La propuesta no cuajó, por culpa de un creador que, pese a su veteranía no había entendido todavía los nuevos tiempos: “Lo rechazaron. Me di cuenta de que lo hicieron porque no había incluido ningún asesinato. El público sigue las series sobre mafiosos porque les gusta ver muertes y traiciones”. No volvería a cometer el mismo error. Reescribiría el piloto con el carismático y efectivo Christopher iniciando su cuenta de homicidios, y una historia de patitos tan delirante como efectiva.

Italianos de Nueva Jersey

Volvió a llamar a las puertas de las cadenas y volvieron a rechazarle. Solo HBO decidió pensárselo. La cadena apenas acababa de empezar a producir series: tenían Oz, un drama carcelario que no acababa de cuajar, y Sexo en Nueva York, el reverso glamouroso y femenino de sus matones chandaleros. El elevado presupuesto para un canal con tan solo 11 millones de suscriptores lo convertía en una apuesta arriesgada. Aun así, había que rodarlo. 
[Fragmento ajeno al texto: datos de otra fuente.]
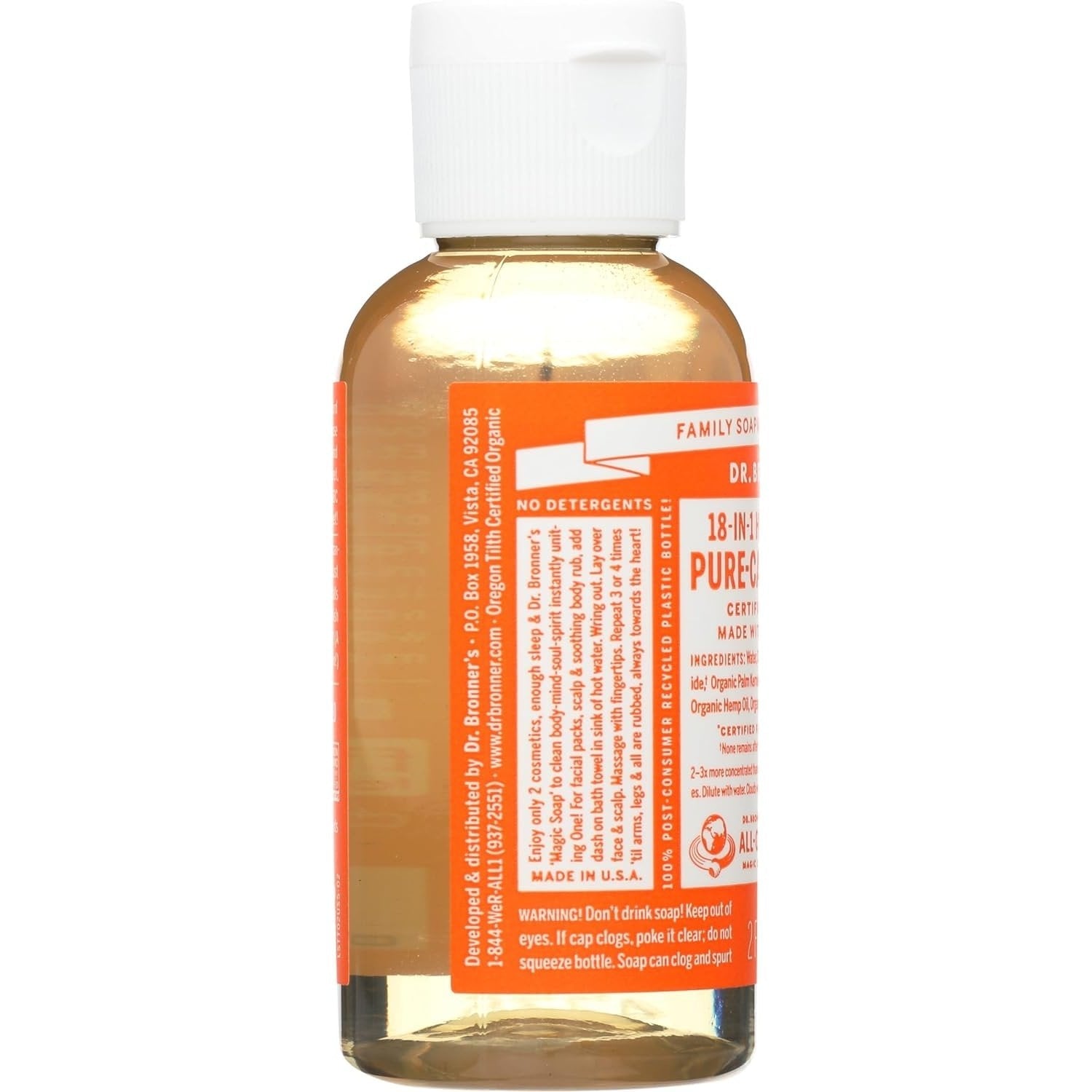 Dr. Bronner’s 18-in-1 Pure-Castile Soaps are good for just about any cleaning task. Face, body, hair – food, dishes, laundry, mopping, pets – clean your house and body with no synthetic preservatives, detergents or foaming agents – none!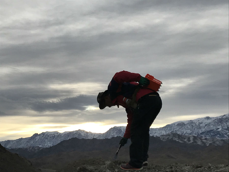 2014年是他工作的第一年,7、8月份的新疆哈密戈壁灘上正是烈日炙烤大地正旺的時(shí)候,熱浪滾滾,沙子都可以把雞蛋燙熟。他和隊(duì)友頭頂著炎炎烈日,踏著灼熱砂礫,扛著重力儀攀爬一個(gè)又一個(gè)沙丘。日出而作,在無(wú)垠的戈壁中一次一次按下儀器按鍵,餓了啃口饅頭,渴了喝口白開(kāi)水。完成一天的野外工作任務(wù),輾轉(zhuǎn)回到項(xiàng)目駐地,已是晚上8點(diǎn),日頭還是那么毒,汗水已經(jīng)把衣服浸透了,第一次出野外的他開(kāi)始想念家人。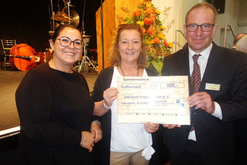 Aen der Jakobus Hospizverein e.V. für Stadt und Landkreis Rosenheim seinen 30. Geburtstag im Ballhaus von Rosenheim feiern konnte (bzw. gefeiert wurde) – da war es dem Alten- und Pflegeheim von Kiefersfelden ein willkommener Anlass zum Danke-Sagen und zu einer Spende aufgrund des guten und gemeinsamen Zusammenwirkens.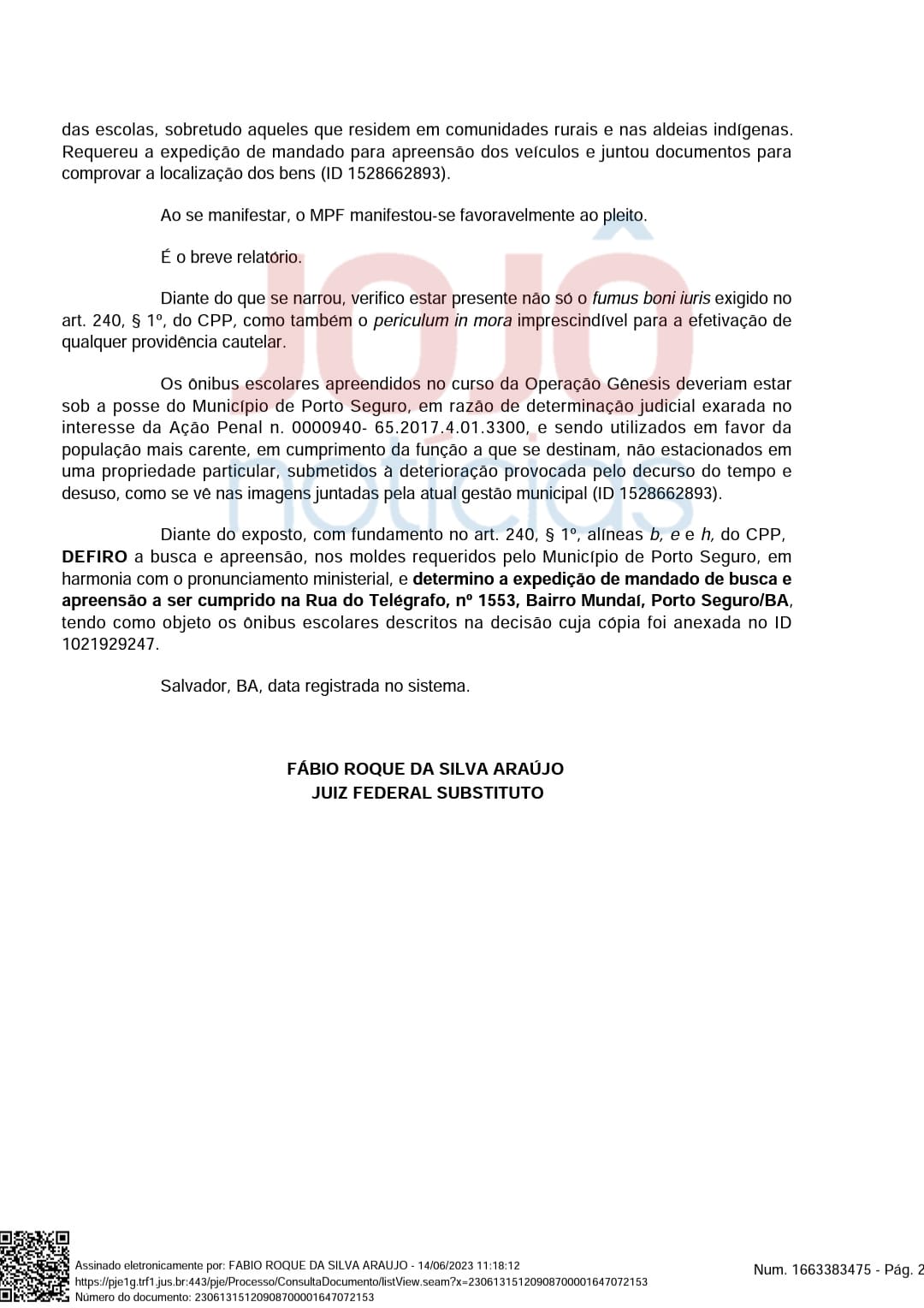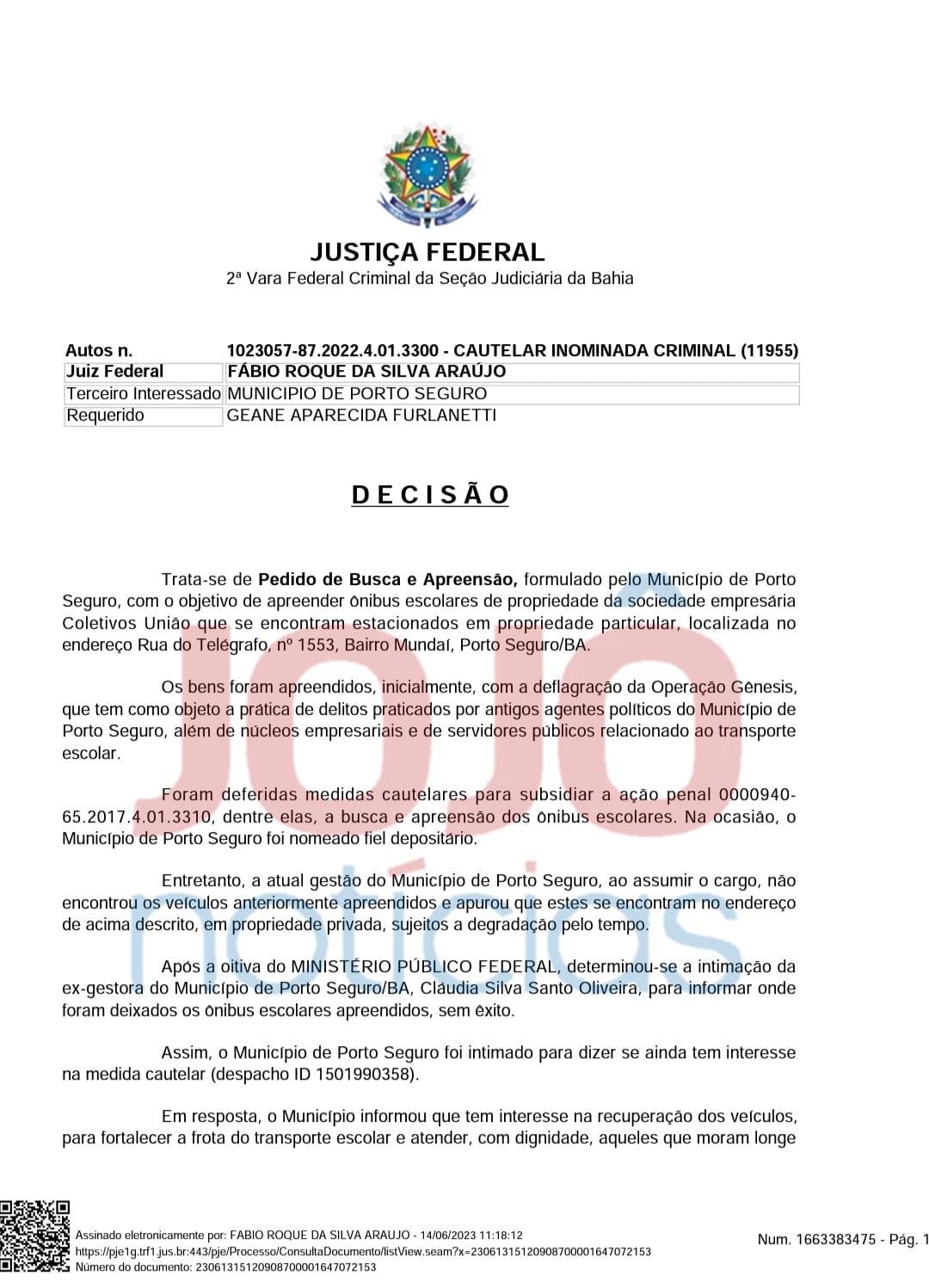 Após oitiva do Ministério Público Federal, e constatada a situação acima relatada; os ônibus escolares apreendidos no âmbito daquela operação, em que o município demonstrou interesse para que fossem recuperados e integrados à frota do transporte escolar, com o objetivo de atender, com dignidade, aqueles que moram longe das escolas, sobretudo aqueles que residem em comunidades rurais e nas aldeias indígenas; foi determinada a intimação da ex-gestora do Município de Porto Seguro/BA, Cláudia Silva Santos Oliveira, para informar onde foram deixados os ônibus escolares apreendidos, sem êxito.

Había que buscar a su Tony Soprano. “Sabía que los actores debían de ser de la zona de Nueva York o Nueva Jersey y, a ser posible, con experiencia teatral […] Ser italiano también ayudaría”. Era el caso de Michael Imperioli, Nancy Marchand o Edie Falco. Ellos, como buena parte del elenco, eran actores de reparto, que coincidían para contarse las penas semana sí y semana también en el restaurante Marylou, del Village.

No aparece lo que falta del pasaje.